Unfortunately for the planned community of “Harrison,” even the local newspaper for Hand County was throwing cold water on the idea in their editorial in the same January 3, 1889 issue.
In that connection we ask our over solicitous and sanguine friends what practical good Miller and St. Lawrence are to derive therefrom? In the first place, only notoriety and finally—only notoriety. Ouch.
“One thing very positively and impressively impresses itself on us is the fact that so far as this paper is concerned it will not go into any wild and chimerical scheme with a view of securing a capital of South Dakota—without a feather bed to light on. In other words without something substantial to back up the campaign.”
I believe that was their way of demanding the backers of the scheme “show us the money.”

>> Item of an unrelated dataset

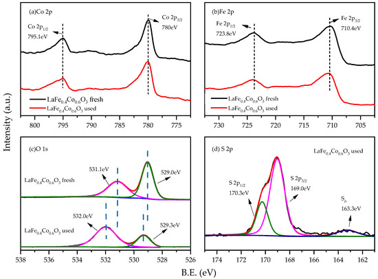 XPS analysis was conducted to elucidate the chemical states of surface Co, Fe, O, and S species of the fresh and used LaFe0.4Co0.6O3 catalysts, shown in Figure 11. From the high-resolution spectrum of Co 2p (Figure 11a), it can be seen that there are peaks at bonding energies of 795.1 eV and 780.0 eV, corresponding to 2p1/2 and 2p3/2 of Co3+, respectively [42,43,44]. Two peaks appeared at 710.4 eV and 723.8 eV in Figure 11b and can be ascribed to Fe 2p3/2 and Fe 2p1/2 levels, respectively. These binding energies agreed well with an Fe3+ oxidation state assignment [45,46]. The O 1s spectrum was shown in Figure 11c, which showed two peaks at 531.2 eV and 529.0 eV. The peak at 529.0 eV is attributed to lattice oxygen (Olat), while the peak at 531.2 eV corresponds to adsorbed oxygen (Oads) on oxygen vacancies [42,47,48]. It was reported that oxygen vacancy plays an important role in the reaction, and can not only accelerate the decomposition of oxygen molecules, but also increase the mobility of lattice oxygen [49]. It can be seen that the content of lattice oxygen decreased sharply, which confirms that the lattice oxygen of the catalyst may participate in the H2S oxidation reaction to form sulfate species. Simultaneously, the oxygen peaks were shifted towards higher B.E., with a shift value of 0.3 eV and 0.9 eV for lattice oxygen species and oxygen vacancies. As a shift to higher B.E. indicates lower electron density, this shows that the oxygen vacancies in used samples have much lower electron density. It was reported that oxygen vacancies with lower electron density lead to significantly lower ethylene yield in oxidative dehydrogenation of ethane [50]. The shift could also be caused by the formation of OH− and SO42− groups during the catalytic reaction. In this study, it is hypothesized that the deactivation of the H2S selective oxidation reaction is also mainly related to the lower electron density of oxygen vacancies. Figure 11d shows the S 2p XPS spectrum of the used LaFe0.4Co0.6O3 catalyst to investigate the deactivation process of the catalyst. Tiny peaks around 163.3 eV were detected, which can be ascribed to the presence of the conjugated sulfur (Sn) [51], indicating a sulfur deposit on the sample. The main peaks of S 2p1/2 and S 2p3/2 at binding energies of 170.3 eV and 169.0 eV indicate that S exists as a sulfate species [52]. It should be noted that deposited sulfur could also lead to catalyst deactivations.

If you ever get over to enjoy the Americana of a Drive-In movie in one of the last places in South Dakota where you can do so in that stretch of Highway 14 between Miller and St. Lawrence, whether you’re carting your kids over to Miler for the Super Mario Brothers Movie, or Guardians of the Galaxy 3 in coming weeks, keep in mind that except for the hand that fate dealt them, you might be parking in a location that could have been the State Capital had the scheme of some Miller businessmen come to fruition.
I’ve read of this campaign and also the rivalry between the two communities to be the county seat. I believe the distance between the two towns is three miles. The Chicago Northwestern had several irons in the fire in the State Capitol battle. Huron, Pierre and this compromise candidate were all on the Chicago Northwestern and the railroad employed people like Coe Crawford and Marvin Hughitt, a name written large in early statehood history now largely forgotten, to promote their candidates.